The objective of the lab assignments is to give you more hands-on experience with data analysis using R. The labs times also gives you an additional platform to ask for help for your team and individual projects. Lab attendance is not mandatory on days when team presentations will not hold, however, each lab assignment should be submitted in timely fashion on the due date. You are REQUIRED to use R Markdown to type up your lab reports.

Team Projects

For the team projects, students work in teams to analyze data selected by the instructor. Students write a report with their data analysis findings. Students will have the opportunity to present their results in class. Detailed instructions will be made available later.

Final Project

For the final project, students analyze a data-based research question of their choosing, subject to the instructor's approval. The data should comprise several variables amenable to statistical analyses via modeling. Students can bring in their own research data sets, or they can ask the instructor for assistance with identifying appropriate data. Students present their results in a class at the end of the semester. Detailed instructions will be made available later.

Late Submission Policy

  • You will lose 50% of the total points on each homework if you submit within the first 24 hours after it is due, and 100% of the total points if you submit later than that.
  • You will lose 40% of the total points on each lab if you submit within the first 24 hours after it is due, and 100% of the total points if you submit later than that.

Academic integrity:

Duke University is a community dedicated to scholarship, leadership, and service and to the principles of honesty, fairness, respect, and accountability. Citizens of this community commit to reflect upon and uphold these principles in all academic and nonacademic endeavors, and to protect and promote a culture of integrity.

Remember the Duke Community Standard that you have agreed to abide by:

To uphold the Duke Community Standard:

  • I will not lie, cheat, or steal in my academic endeavors;
  • I will conduct myself honorably in all my endeavors; and
  • I will act if the Standard is compromised.
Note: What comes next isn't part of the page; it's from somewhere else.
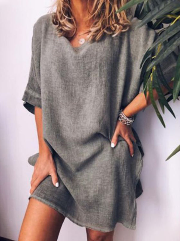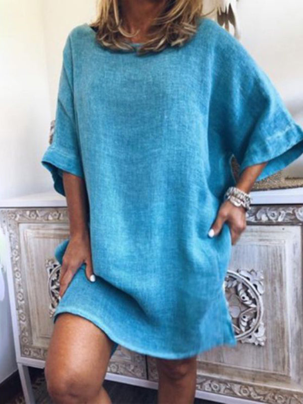 Summer new casual cotton linen solid color hem slit dress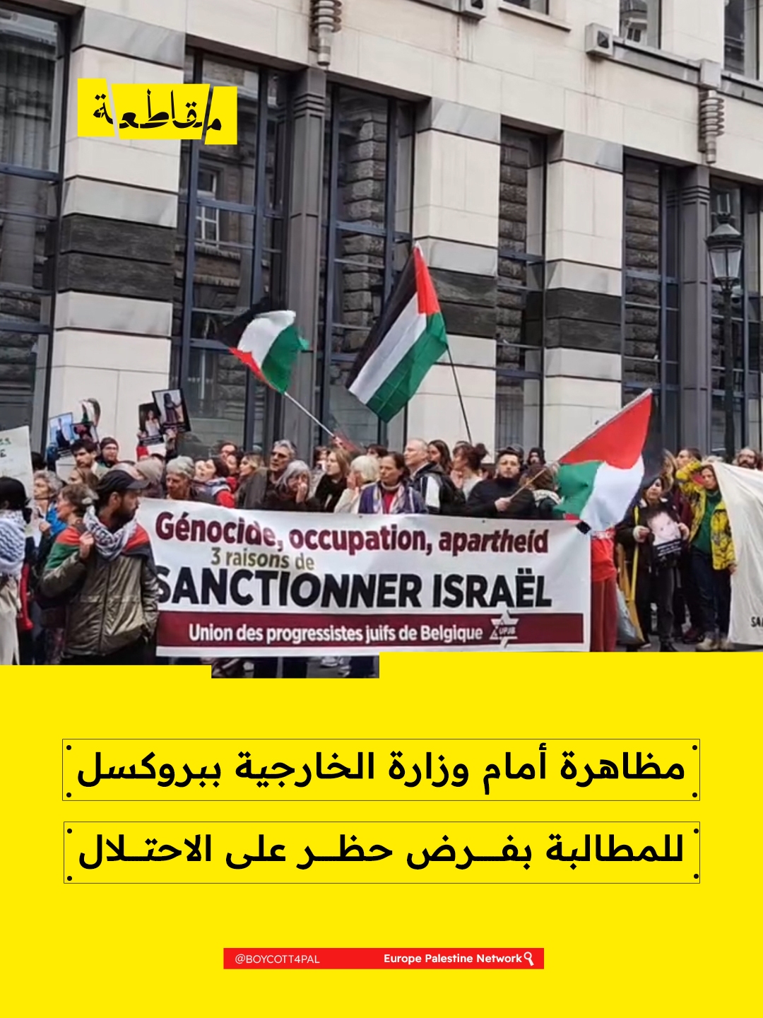 تجمع محتجون اليوم أمام وزارة الخارجية في بروكسل مطالبين بتنفيذ إجراءات عاجلة لحماية الشعب الفلسطيني. وشددوا على ضرورة فرض حظر عسكري شامل على "إسرائيل"، ووقف جميع التجارة والاستثمارات مع المستوطنات الإسرائيلية، وقطع الشراكات مع الشركات المتواطئة في انتهاكات حقوق الإنسان.

Cheating on exams or plagiarism on homework assignments, lying about an illness or absence and other forms of academic dishonesty are a breach of trust with classmates and faculty, violate the Duke Community Standard, and will not be tolerated. Such incidences will result in a 0 grade for all parties involved. Additionally, there may be penalties to your final class grade along with being reported to the Office of Student Conduct.

Please review the Academic Dishonesty policies here.

Diversity & Inclusiveness:

In line with the MIDS culture, this course is designed so that students from all backgrounds and perspectives all feel welcome both in and out of class. Please feel free to talk to me (in person or via email) if you do not feel well-served by any aspect of this class, or if some aspect of class is not welcoming or accessible to you.

My goal is for you to succeed in this course, therefore, please let me know immediately if you feel you are struggling with any part of the course more than you know how to manage. Doing so will not affect your grades, but it will allow me to provide the resources to help you succeed in the course.

Disability Statement

Students with disabilities who believe that they may need accommodations in the class are encouraged to contact the Student Disabilities Access Office at 919-668-1267 or disabilities@aas.duke.edu as soon as possible to better ensure that such accommodations are implemented in a timely fashion.

Other Information

It can be a lot more pleasant oftentimes to get in-person answers and help. Make use of the teaching team's office hours, we're here to help! Do not hesitate to come to my office during office hours or by appointment to discuss a homework problem or any aspect of the course. Questions related to course assignments and honesty policy should be directed to me. When the teaching team has announcements for you we will send an email to your Duke email address. Please make sure to check your email daily.

Professionalism

Please refrain from texting or using your computer for anything other than coursework during class.